Happily, if unintentionally, I think the existing leading bloggers (those at the high end of the power-law curve) will play a key role in educating the new wave of bloggers by providing living examples of how blogs can be a part of a person's personal life, their vocations, and their avocations.  Like in other media, these role models will become aspirational figures to the average consumer blogger, showing the novice blogger the potential of blogs and implicitly inviting them to emulate the role model.  Sort of an informal celebrity endorsement.

So what else do we need to do to make sure that blogs can continue to enrich the world and not simply waste bandwidth? 



Micro-famous: Defining and redefining success in the blogosphere

Why do people blog?  Is it for fame or fortune?  I think it must be principally for fame since most people realize they will never realistically ever make any significant amount of money off of their blog (not unless they were famous). 

Fame is a very powerful motivator.  Our culture worships fame and there is probably a strong evolutionary biological component to the desire- and need- for fame in social groups.  Fame = social capital = social influence/power = security and control over resources like people's attention.  Fame, in many ways, defines leaders and provides a sense of social order which is necessary for social animals like us.  Heady stuff. 

Some people may object and say they create their blogs for purely personal, introspective reasons.  In some cases, I am sure they are correct, but I think most bloggers are extroverts and want the notoriety a blog can bring.  For the extroverts, if no one ever reads their blog, or comments on it, I think most will give up blogging.  They will have lost their sustaining motivation. 

This is potentially a big problem for entrepreneurs who hope to profit from the coming early majority blogger adoption boom. 
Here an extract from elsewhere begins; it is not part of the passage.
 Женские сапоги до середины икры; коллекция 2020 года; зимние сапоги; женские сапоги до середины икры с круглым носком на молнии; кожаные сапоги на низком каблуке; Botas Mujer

As millions more bloggers come online, the challenge of garnering significant amounts of people's attention (which converts to social capital and, therefore, personal fame) is going to grow exponentially more difficult.  Fame, as measured by services like Google, Popdex, Technorati, etc, is going to grow very far out of reach for nearly all bloggers.  This will be very frustrating for many people unless expectations get reset. 


So the question becomes, how does blogosphere success get redefined to make sure blogs become a permanent part of the mainstream and are not some digital equivalent of an algae bloom where the population explodes, chokes off the resources it needs to survive, and then dies. 
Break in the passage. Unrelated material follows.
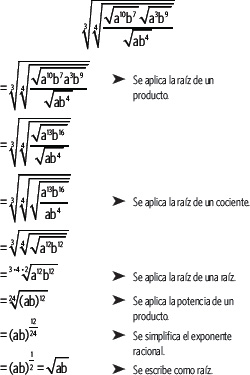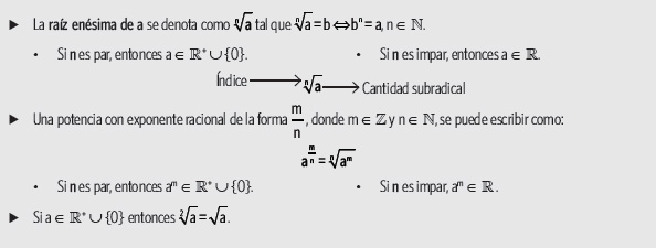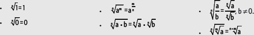 Es importante tener en cuenta que para los exponentes racionales también se cumplen las propiedades de las potencias, y que de estas se pueden deducir las siguientes propiedades para raíces enésimas:

For blogs to really change the world, everyone needs one, but the current infrastructure in which success is defined by global rankings is not sustainable for the vast majority in a blog-saturated world. 

For the average blogger, fame-as-success model needs to become pride in publishing on what is effectively the new refrigerator door.  It needs to move away from being stack-ranked against bOING bOING and become much, much more socially localized.  We need to encourage the concept of micro-fame among one's peers, friends, and families.  This is both a technical infrastructure change and a social redefinition. 

I am not sure how to best do that but I think that if we look at things like photography, we can see how it evolved from a very specialized and insular community of Photographers into a mass-market of snap-shot takers.  Will blogs do to publishing fame what the Kodak Moment did to photography?

I don't know.  Perhaps they already have.



Sizing the Blogosphere

As is often the case, Jeff Jarvis is a source (or at least a pointer to) great nuggets of information and ideas.  In this case, it happens to be on an interesting article by Rick Bruner of iMedia Connection focused on blogosphere traffic.  Definitely worth a read.